**Input records:**
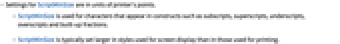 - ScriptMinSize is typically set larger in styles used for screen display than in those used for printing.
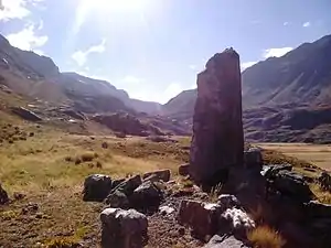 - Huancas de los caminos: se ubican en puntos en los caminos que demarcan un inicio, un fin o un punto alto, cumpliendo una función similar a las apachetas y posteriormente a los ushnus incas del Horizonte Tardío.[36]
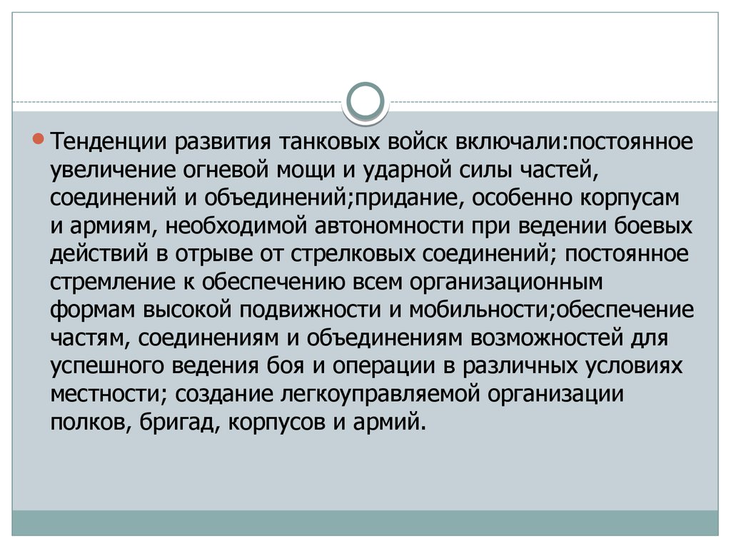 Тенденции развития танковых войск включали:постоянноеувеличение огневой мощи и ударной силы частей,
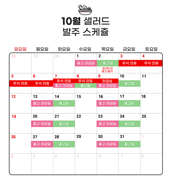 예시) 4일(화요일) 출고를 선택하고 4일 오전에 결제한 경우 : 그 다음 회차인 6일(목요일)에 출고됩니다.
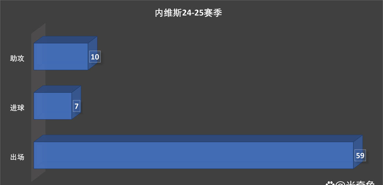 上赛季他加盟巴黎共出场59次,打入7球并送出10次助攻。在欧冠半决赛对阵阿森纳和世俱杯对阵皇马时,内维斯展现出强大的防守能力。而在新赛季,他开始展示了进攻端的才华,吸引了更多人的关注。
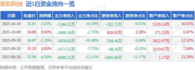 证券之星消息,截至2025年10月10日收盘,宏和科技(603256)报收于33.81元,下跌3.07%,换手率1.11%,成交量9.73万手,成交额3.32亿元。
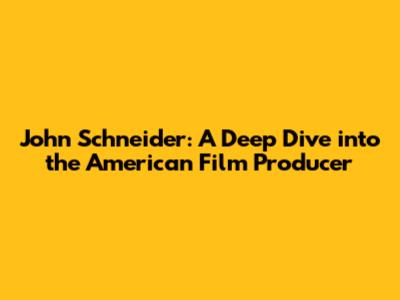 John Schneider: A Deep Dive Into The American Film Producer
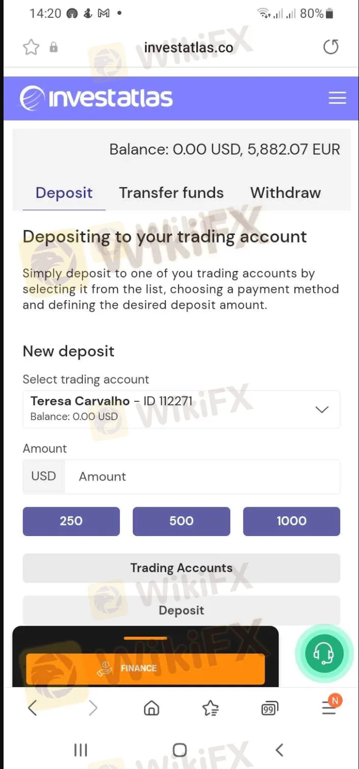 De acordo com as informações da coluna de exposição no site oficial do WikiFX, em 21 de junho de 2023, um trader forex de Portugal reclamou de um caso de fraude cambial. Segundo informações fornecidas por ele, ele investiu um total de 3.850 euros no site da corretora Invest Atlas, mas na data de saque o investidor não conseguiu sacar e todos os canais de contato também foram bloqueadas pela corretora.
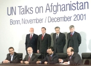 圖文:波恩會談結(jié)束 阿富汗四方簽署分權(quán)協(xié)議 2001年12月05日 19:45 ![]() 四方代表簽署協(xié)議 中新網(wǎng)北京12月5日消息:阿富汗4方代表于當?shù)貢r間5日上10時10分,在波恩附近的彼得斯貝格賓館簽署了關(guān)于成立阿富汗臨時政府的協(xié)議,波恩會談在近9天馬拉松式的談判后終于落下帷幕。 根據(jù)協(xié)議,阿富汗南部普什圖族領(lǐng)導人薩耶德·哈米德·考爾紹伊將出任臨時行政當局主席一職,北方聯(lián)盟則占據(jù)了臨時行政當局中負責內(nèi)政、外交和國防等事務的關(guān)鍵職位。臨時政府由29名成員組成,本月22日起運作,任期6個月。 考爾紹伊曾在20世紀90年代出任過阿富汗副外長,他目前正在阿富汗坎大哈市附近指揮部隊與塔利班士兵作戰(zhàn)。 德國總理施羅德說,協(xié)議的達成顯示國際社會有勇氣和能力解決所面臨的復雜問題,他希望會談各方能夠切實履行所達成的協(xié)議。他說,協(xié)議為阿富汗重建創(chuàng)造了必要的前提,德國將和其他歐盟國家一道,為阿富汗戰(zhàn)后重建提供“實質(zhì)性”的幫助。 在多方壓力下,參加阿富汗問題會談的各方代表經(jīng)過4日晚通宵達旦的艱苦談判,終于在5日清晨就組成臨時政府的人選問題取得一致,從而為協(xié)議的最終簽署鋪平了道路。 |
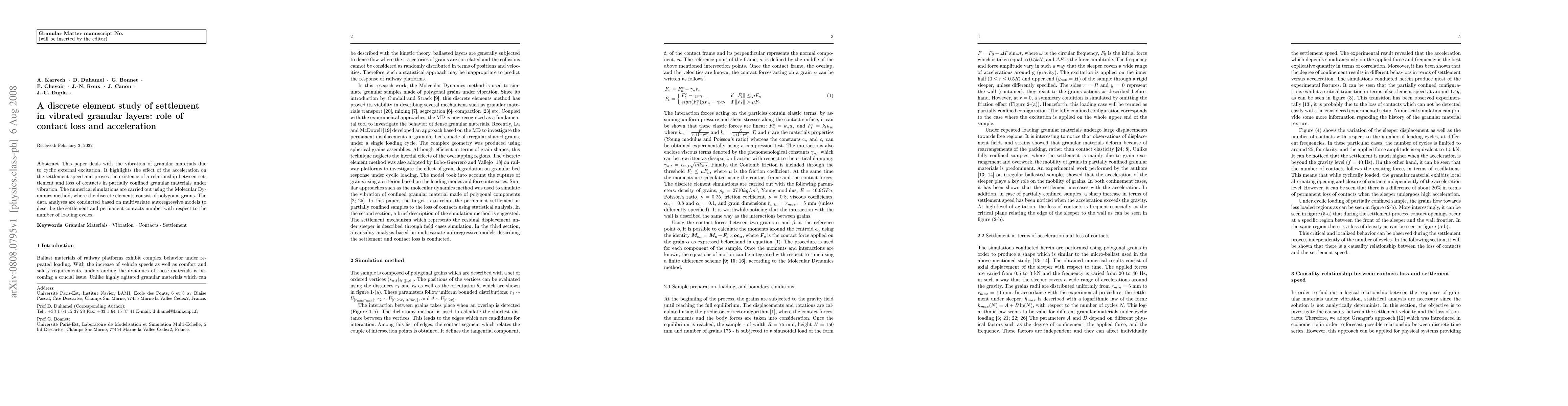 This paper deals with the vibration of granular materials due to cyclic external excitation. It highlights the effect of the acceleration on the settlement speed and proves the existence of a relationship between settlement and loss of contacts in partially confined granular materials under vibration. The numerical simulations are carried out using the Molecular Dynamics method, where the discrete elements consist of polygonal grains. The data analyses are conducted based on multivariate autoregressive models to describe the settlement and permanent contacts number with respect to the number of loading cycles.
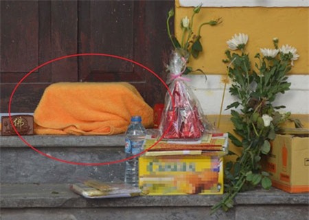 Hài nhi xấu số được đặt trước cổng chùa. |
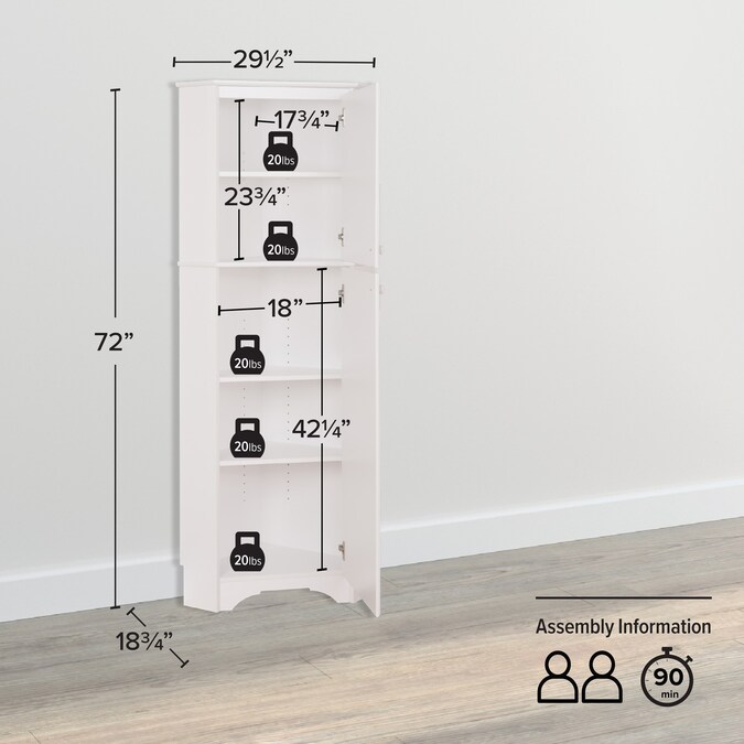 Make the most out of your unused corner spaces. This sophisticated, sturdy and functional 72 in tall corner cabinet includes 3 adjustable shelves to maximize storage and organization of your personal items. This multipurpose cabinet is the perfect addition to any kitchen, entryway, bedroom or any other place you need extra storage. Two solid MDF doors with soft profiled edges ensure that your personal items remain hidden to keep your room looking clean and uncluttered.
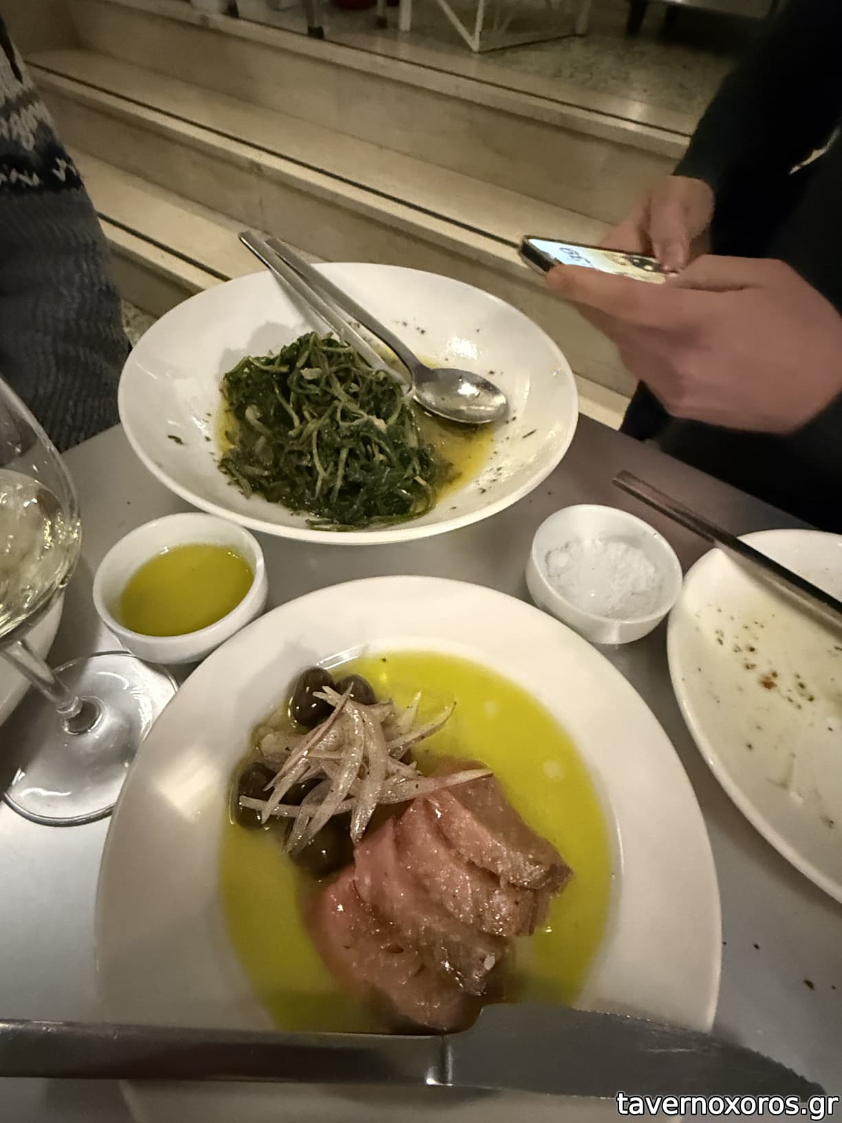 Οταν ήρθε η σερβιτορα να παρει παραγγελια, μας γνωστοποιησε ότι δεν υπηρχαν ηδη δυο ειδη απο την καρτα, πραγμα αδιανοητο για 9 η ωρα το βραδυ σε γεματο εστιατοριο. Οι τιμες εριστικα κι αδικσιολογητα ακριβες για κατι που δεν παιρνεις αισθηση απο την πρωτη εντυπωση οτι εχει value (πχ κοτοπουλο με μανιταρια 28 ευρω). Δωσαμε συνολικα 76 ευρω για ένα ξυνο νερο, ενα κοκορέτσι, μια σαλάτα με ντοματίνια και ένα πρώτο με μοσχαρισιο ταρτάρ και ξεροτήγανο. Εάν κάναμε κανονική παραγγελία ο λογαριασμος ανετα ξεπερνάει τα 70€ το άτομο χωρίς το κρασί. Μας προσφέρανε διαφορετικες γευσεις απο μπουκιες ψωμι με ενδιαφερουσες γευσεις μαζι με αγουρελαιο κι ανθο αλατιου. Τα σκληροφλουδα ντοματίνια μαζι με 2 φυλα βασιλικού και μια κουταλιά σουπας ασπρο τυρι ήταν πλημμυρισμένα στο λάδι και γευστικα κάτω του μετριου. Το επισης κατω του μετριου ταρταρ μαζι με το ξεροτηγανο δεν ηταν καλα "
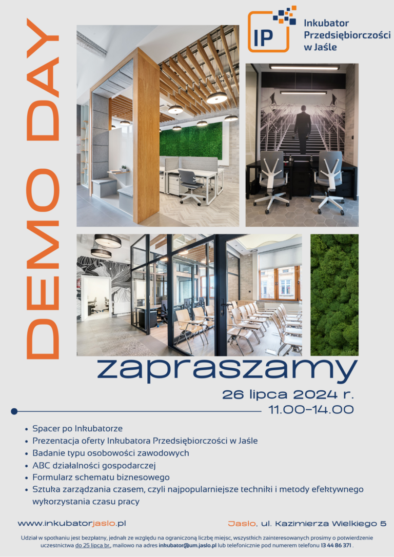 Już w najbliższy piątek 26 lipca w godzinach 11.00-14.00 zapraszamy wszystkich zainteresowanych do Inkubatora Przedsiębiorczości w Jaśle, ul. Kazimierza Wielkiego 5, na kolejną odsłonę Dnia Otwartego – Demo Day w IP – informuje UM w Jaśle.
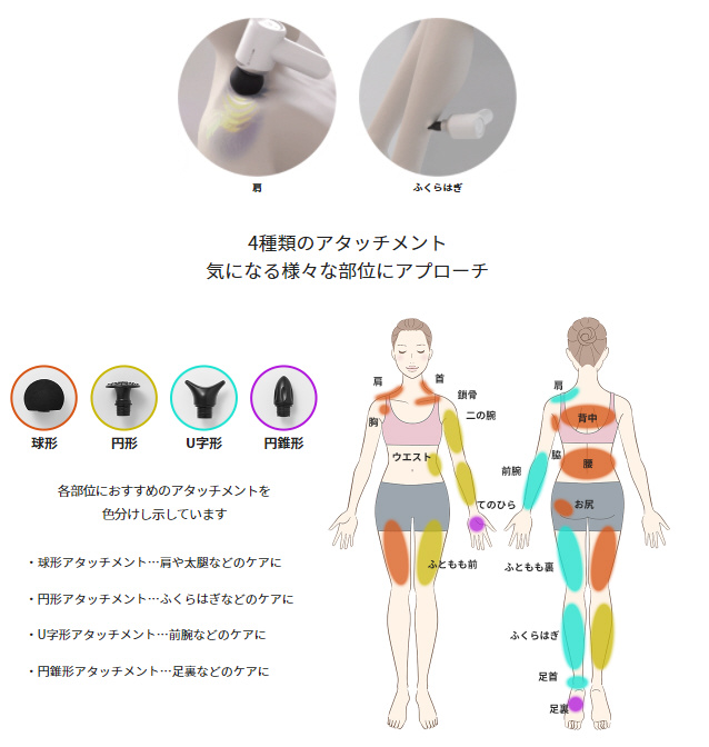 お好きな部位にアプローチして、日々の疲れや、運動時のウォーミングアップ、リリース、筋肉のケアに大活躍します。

**What is expected:**
Only the lines from the one containing "Οταν ήρθε η" through the end of the records should be copied, exactly and with both ends included; the pictures should not.

**Reply to the exercise:**
 Οταν ήρθε η σερβιτορα να παρει παραγγελια, μας γνωστοποιησε ότι δεν υπηρχαν ηδη δυο ειδη απο την καρτα, πραγμα αδιανοητο για 9 η ωρα το βραδυ σε γεματο εστιατοριο. Οι τιμες εριστικα κι αδικσιολογητα ακριβες για κατι που δεν παιρνεις αισθηση απο την πρωτη εντυπωση οτι εχει value (πχ κοτοπουλο με μανιταρια 28 ευρω). Δωσαμε συνολικα 76 ευρω για ένα ξυνο νερο, ενα κοκορέτσι, μια σαλάτα με ντοματίνια και ένα πρώτο με μοσχαρισιο ταρτάρ και ξεροτήγανο. Εάν κάναμε κανονική παραγγελία ο λογαριασμος ανετα ξεπερνάει τα 70€ το άτομο χωρίς το κρασί. Μας προσφέρανε διαφορετικες γευσεις απο μπουκιες ψωμι με ενδιαφερουσες γευσεις μαζι με αγουρελαιο κι ανθο αλατιου. Τα σκληροφλουδα ντοματίνια μαζι με 2 φυλα βασιλικού και μια κουταλιά σουπας ασπρο τυρι ήταν πλημμυρισμένα στο λάδι και γευστικα κάτω του μετριου. Το επισης κατω του μετριου ταρταρ μαζι με το ξεροτηγανο δεν ηταν καλα "
 Już w najbliższy piątek 26 lipca w godzinach 11.00-14.00 zapraszamy wszystkich zainteresowanych do Inkubatora Przedsiębiorczości w Jaśle, ul. Kazimierza Wielkiego 5, na kolejną odsłonę Dnia Otwartego – Demo Day w IP – informuje UM w Jaśle.
 お好きな部位にアプローチして、日々の疲れや、運動時のウォーミングアップ、リリース、筋肉のケアに大活躍します。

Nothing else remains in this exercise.